Yuto works in the quality control department of a large company - Edexcel - A-Level Maths Statistics - Question 5 - 2017 - Paper 1

To find this conditional probability, we need:

$P(T > 20 | T > 15)$

Using the definition of conditional probability:

$P(A|B) = \frac{P(A \cap B)}{P(B)}$

Here, $A$ is the event that Yuto takes more than 20 minutes, and $B$ is the event that Yuto takes more than 15 minutes.

1. Calculate $P(T > 15)$: Standardizing:

   $z = \frac{15 - 18}{5} = -0.6$ Therefore, $P(T > 15) = 1 - P(Z < -0.6) = 0.7257$

2. Calculate $P(T > 20 \cap T > 15)$ which is simply $P(T > 20)$:
   As calculated earlier, $P(T > 20) = 0.3446$

Now substituting into the conditional probability formula:

$P(T > 20 | T > 15) = \frac{P(T > 20)}{P(T > 15)} = \frac{0.3446}{0.7257} \approx 0.4745$

Thus, the probability that a sample taken longer than 15 minutes also took more than 20 minutes is approximately 0.475.

For a normal distribution, the median is equal to the mean.

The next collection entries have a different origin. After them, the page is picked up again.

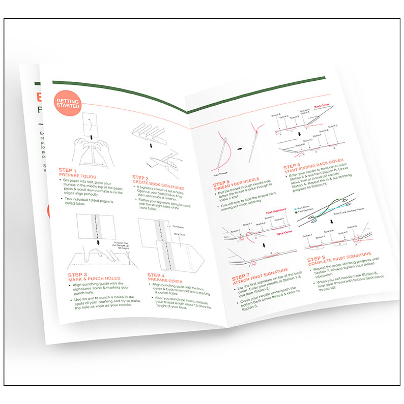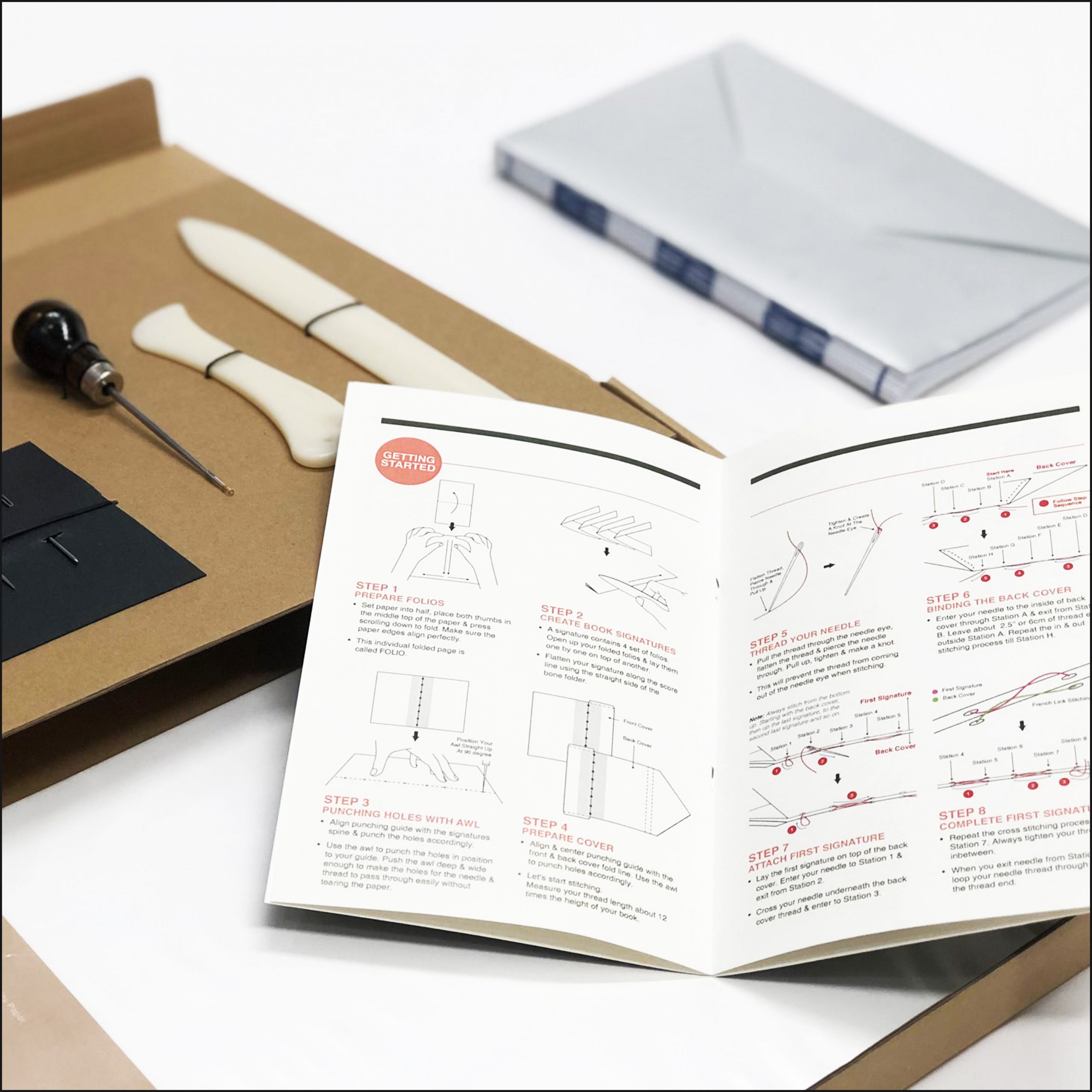 Enclosed in the kit are premium quality papers hand-selected from @ANTALISSEA. Each kit is specially curated to include all the material and essential tools from 2 bone folder paper creasers (straight & curve) to fold, crease, score or burnish. Taper shape wood handle awl and quality waxed thread prevent tangle while stitching. Learn to stitch along with a step-by-step graphic illustrated instruction guide.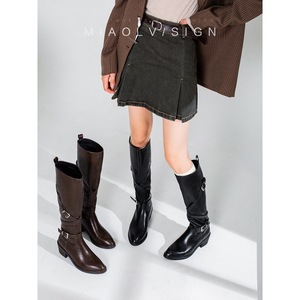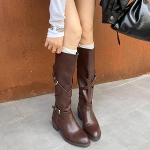 牛皮版长靴女秋冬复古靴子粗跟骑士靴箭头长筒靴交叉扣带高筒靴子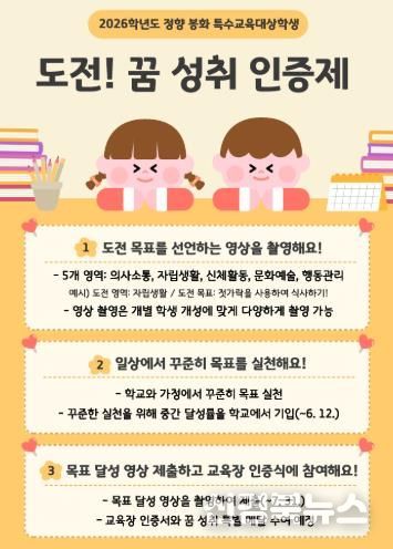 [신경북뉴스] 봉화교육지원청은 4월 20일 '장애인의 날'을 기념하여, 경상북도 내 최초로 특수교육대상학생의 특성을 반영해 전면 개편한 2026학년도 정향 봉화 특수교육대상학생 '도전! 꿈 성취 인증제' 참가 신청을 받고 본격적인 운영에 돌입한다고 밝혔다.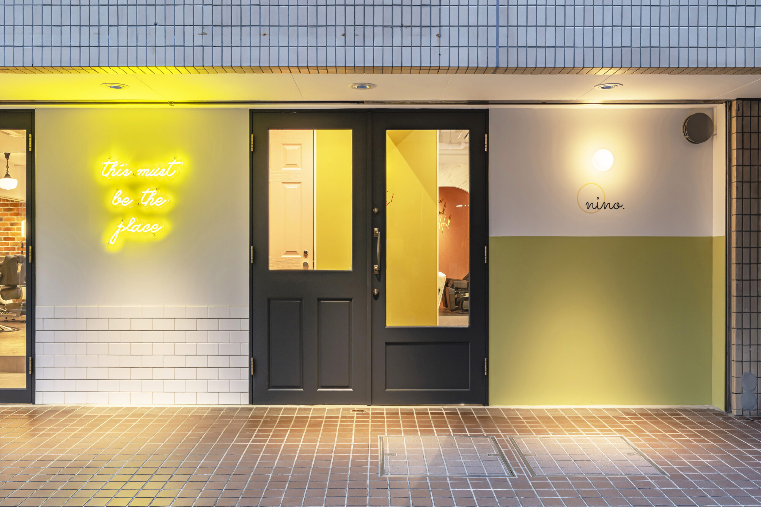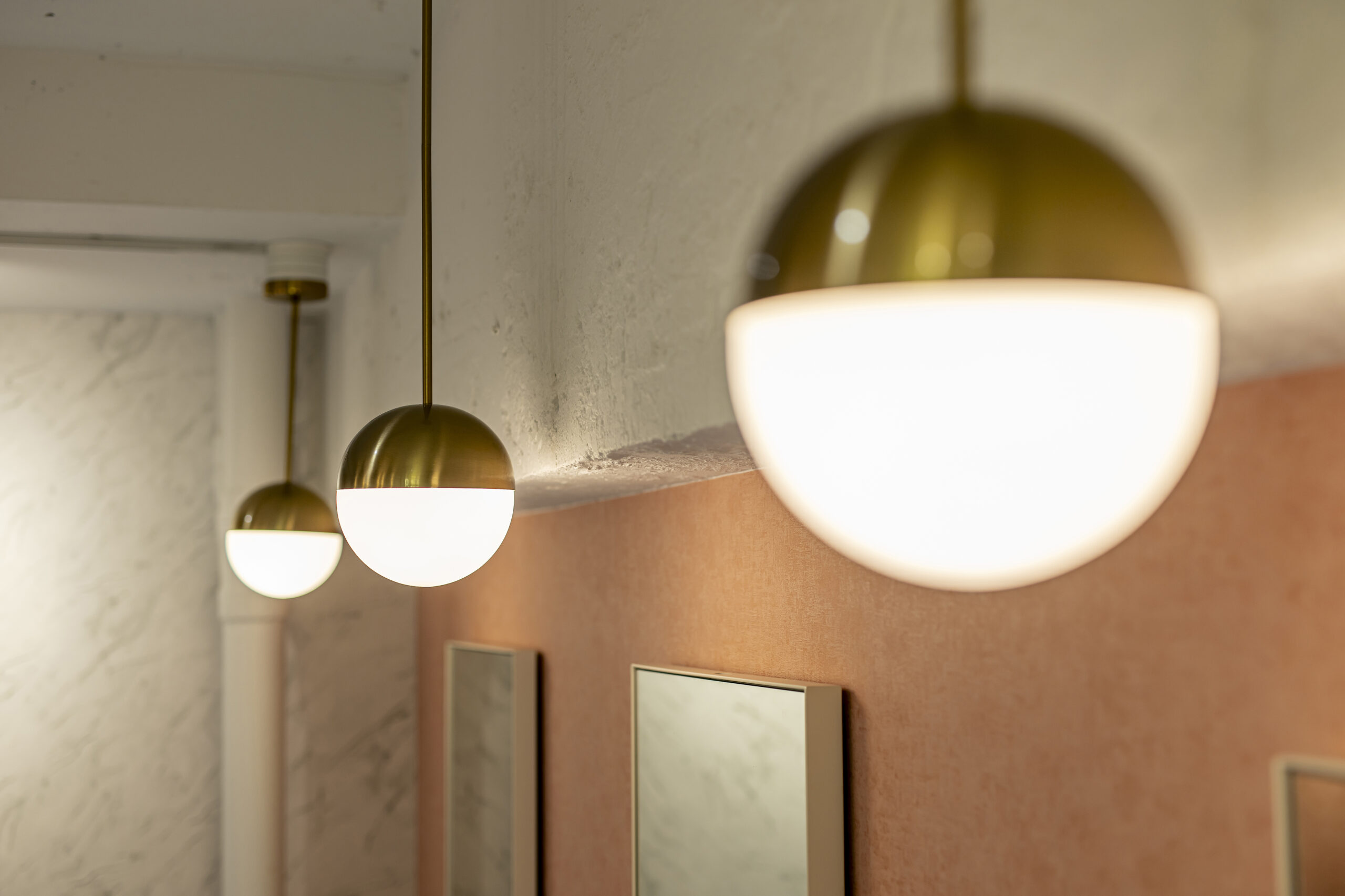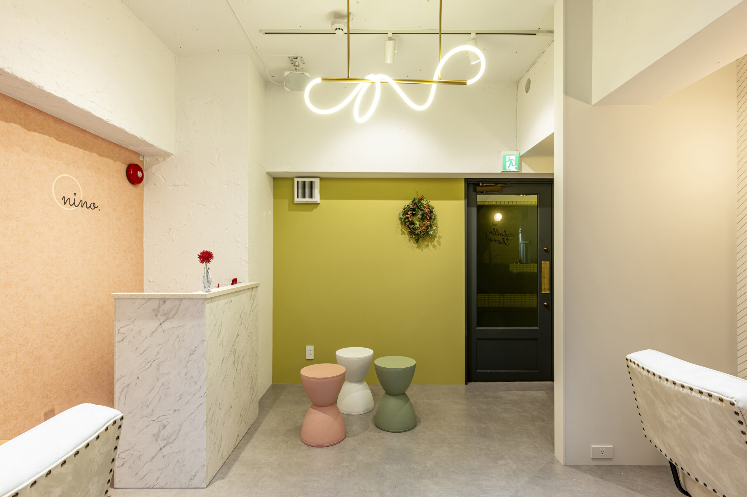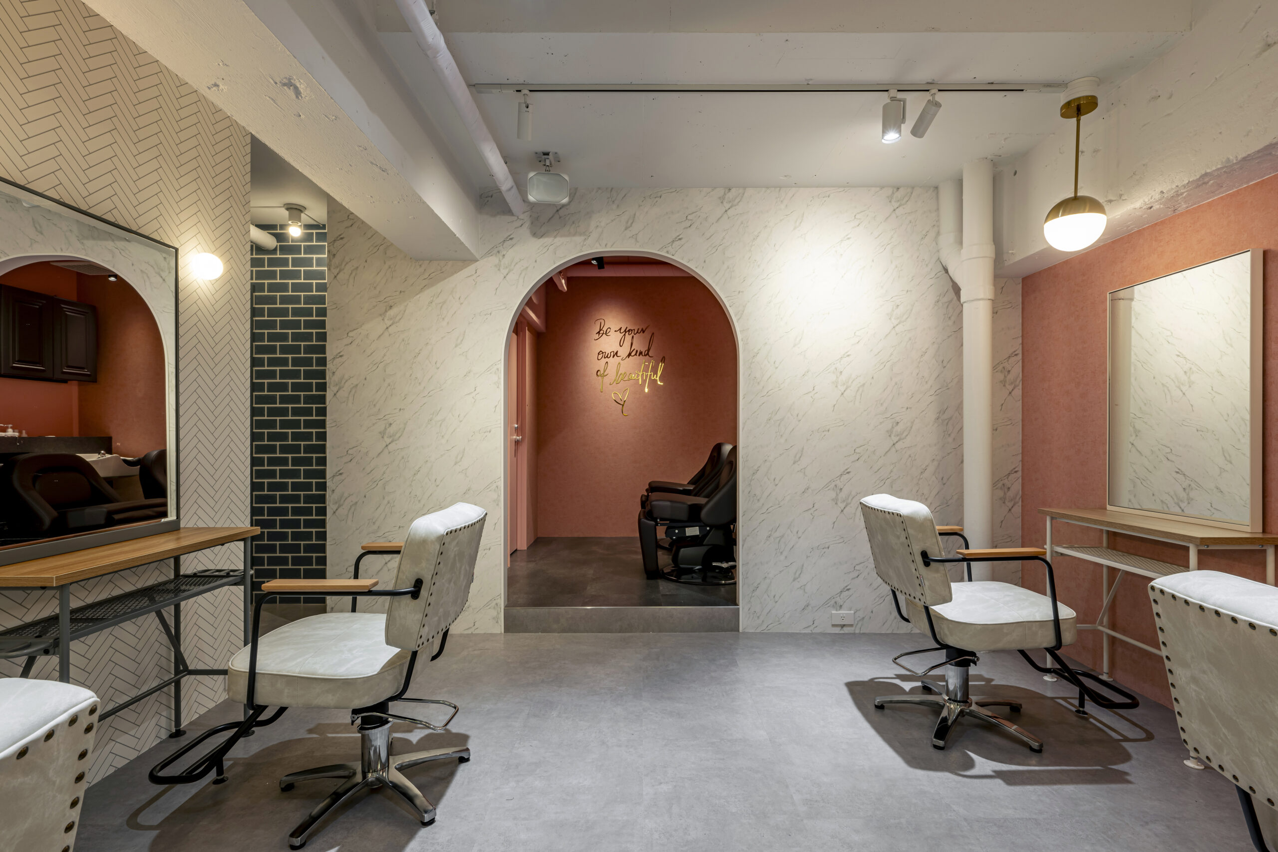 フェミニンモダンをテーマにした大人可愛いテイスト のサロン。可愛らしいサーモンピンクとライトグリー ンの2色の使い分が特徴的。ラグジュアリーな大理石 柄やホワイトへリンボンタイル柄の壁紙、ポイントで 照明に絡んだゴールドをプラスしてエレガントで清潔 感のある空間を演出した。

Therefore, if Yuto's time to analyze the samples is normally distributed with a mean of 18 minutes, the median will also be 18 minutes.

We calculate for a more precise exploration around the lower portion: Since the time taken is normally distributed:

• The median lies at the 50th percentile, hence it is most accurate to say:

$T_{median} = \mu = 18$

In this context, the median time is 18 minutes, but we can also consider the context of the samples analyzed and their distribution suggesting a rounded value around 19 minutes based on the earlier partial data accumulation.